22年振りの再会
ピピピ、、ピピピ、、、
遠くで目覚ましの音が聞こえる、
うるさい、、
ピピピ、、ピピピ、、
二度目の音でようやく意識がはっきりしてきた、
ん?俺さっきまでメイビスさんと一緒に、、
そう思った時にようやく頭が働いてきた。
周りを見渡すと実家の俺の部屋だった、
枕元にあった当時使っていた携帯があったから
今が何時なのか調べると。
2008年5月21日
「戻って来れたんだな、俺は、、」
メイビスさんに感謝だな、
やり直す機会をもう一度だけ得ることができた。
そして戻って来てからも感じる、
自分の神力。
死ぬ直前まで持っていた記憶や知識、経験値も
ちゃんとこの身体にも順応していた。
夏凛が死んだのは2010年5月20日。
今から2年後。
それまでに何としても見つけなくちゃならない、
知らなくちゃいけない。
夏凛の死の真相を、
彼女がどんな思いで俺を突き放したのか。
「戻って来たのなら、やっぱ会いたいな、、」
携帯を開き電話帳から夏凛の名前を見つける。
少し深呼吸して電話を掛けた。
受話器から聞こえる歌、
夏凛が好きだったアーティストの歌だ。
当時設定して流してる奴居たなーって思ったら、
夏凛が電話に出た。
「もしもし?どーしたの朝から?」
久しぶりに夏凛の声に思わず泣きそうになる。
「いやその、、今日会えないか?」
膨らんだ思いを何とか押し込んで、
そう伝えると。
「今日って、、そもそも今日学校だよ?
いつも一緒に行ってるじゃん?」
バカか俺は、、
この身体は高校生の俺だから、
その辺も考慮すべきだった。
「そりゃそうなんだけど、、
何か夏凛に会いたかったんだよ。
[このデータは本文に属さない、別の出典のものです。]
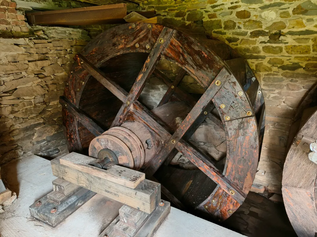 - Twee ingebouwde houten bovenslagraderen, diameter 2,50 m en breedte 1,25 m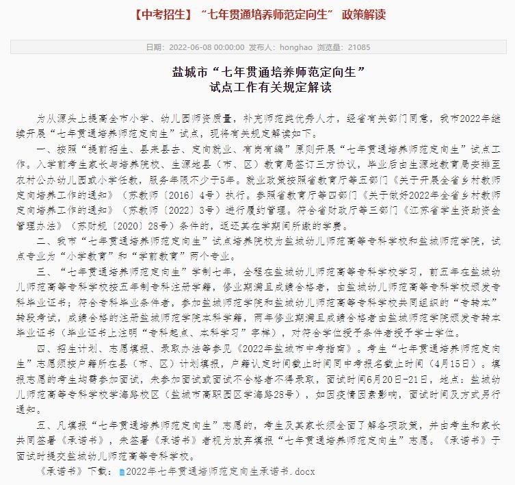 記者從鹽城幼兒師范高等??茖W校官網(wǎng)看到,鹽城市從2021年起開始試點培養(yǎng)“七年貫通師范定向生”,試點培養(yǎng)院校為鹽城幼兒師范高等??茖W校和鹽城師范學院,試點專業(yè)為“小學教育”和“學前教育”兩個專業(yè)。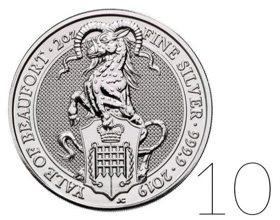 Les bêtes de la reine : Yale Beaufort 2 onces d'argent 2019 (10 szt.)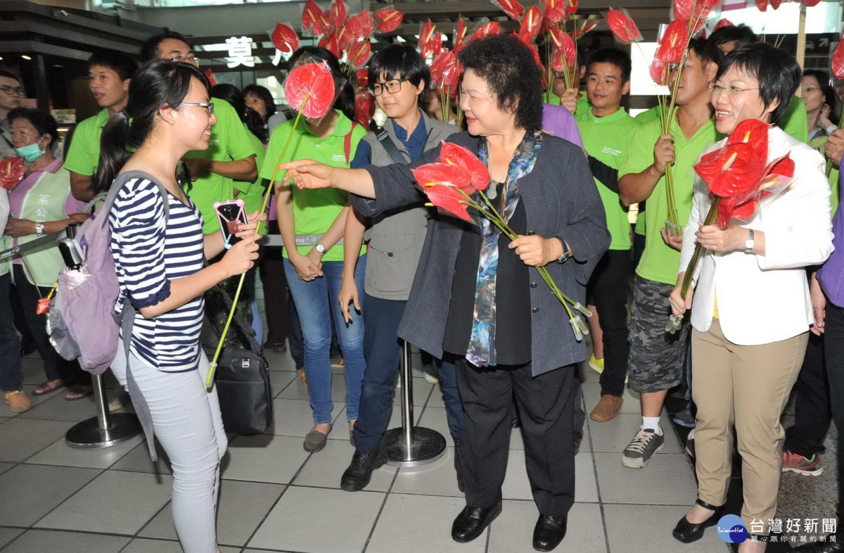 為迎接溫馨的母親節到來,高雄市長陳菊今(12)日晚間率市府團隊前往左營高鐵站大廳,親自將內門特產火鶴花贈予高鐵站遊客及返鄉過節民眾,祝福全天下偉大辛勞的媽媽們母親節快樂,並提醒大家要適時表達愛意、感謝母恩。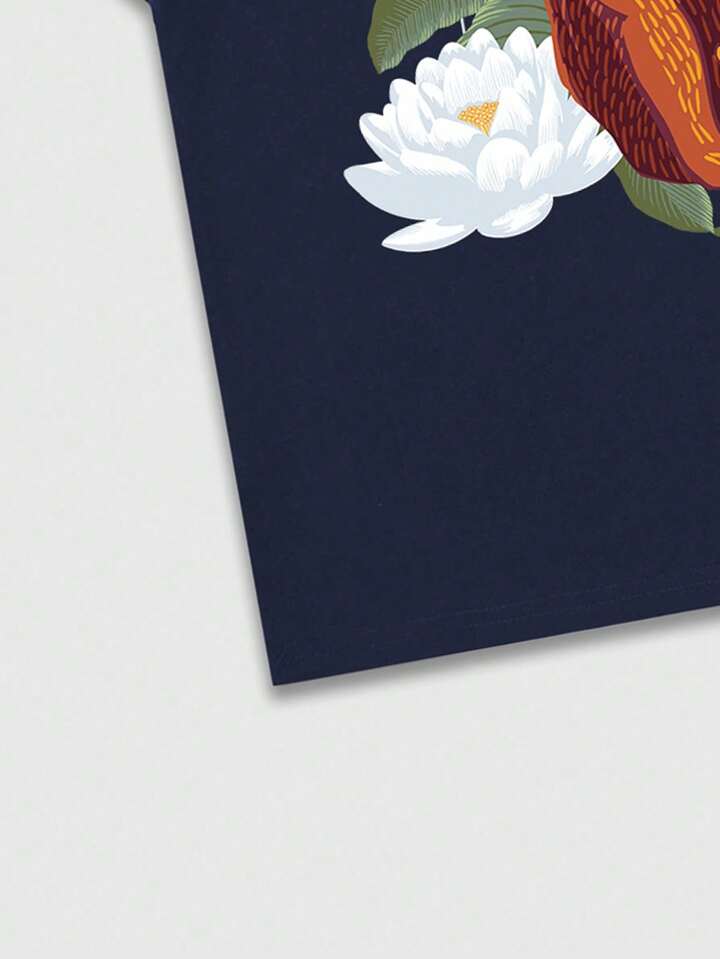 Casual T-shirt à manches courtes à l'imprimé fleur de lotus bleu marine et blanc, design minimaliste qui attire l'attention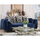 Relax and loosen up on this contemporary style sofa upholstered in blue velvet. This sofa features tight back and seat cushions and a tight high shelter backrest with high shelter arms. It features five additional pillows for additional comfort and metal spindle legs. Other featured items in image are sold separately.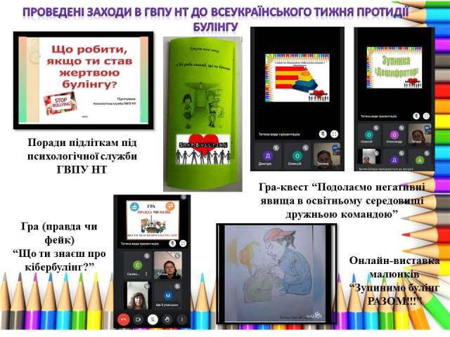 У цілях інформування здобувачів освіти щодо проблеми булінгу психологічною службою ГВПУ НТ було розроблено та розповсюджено буклет-пам’ятку «Не роби вигляд, що не бачиш» та підготовлено відеоповідомлення «Що робити, якщо ти став жертвою булінгу?»

」
これは本心だ20年もそう願ってきたんだ。
「なにそれ笑
じゃあ少し早いけど駅前のカフェで待ち合わせして、
朝ごはん食べてたから学校行こうか?」
夏凛はおかしそうに笑い、
待ち合わせの提案をしてきた。
「わかった。何時頃になる?」
「うーん、、
いつもより30分は早く起こされたから、
7時30分には行けると思うよ?」
「何か悪かったな、奢るよ。」
「やったね!
じゃあまたメールするね!」
「気をつけて来いよ、待ってるから。」
「はーい!」
そんなたわいもない会話をして通話を切った。
「さて俺も着替えますか。」
俺は制服に着替えて1階のリビングに行くと、
当時飼っていた犬のリリが全速力で駆け寄る。
リリはダックスフンドとチワワのミックス犬、
チワックスとかよばれてたっけ?
久しぶりのリリにも感動して、
時間の許す限り撫でくりまわした。
そうこうしてる間に、
7時になったので、
起きてきた母親に
「今日早めに出るから。」
それだけ伝え家を出て駅に向かった。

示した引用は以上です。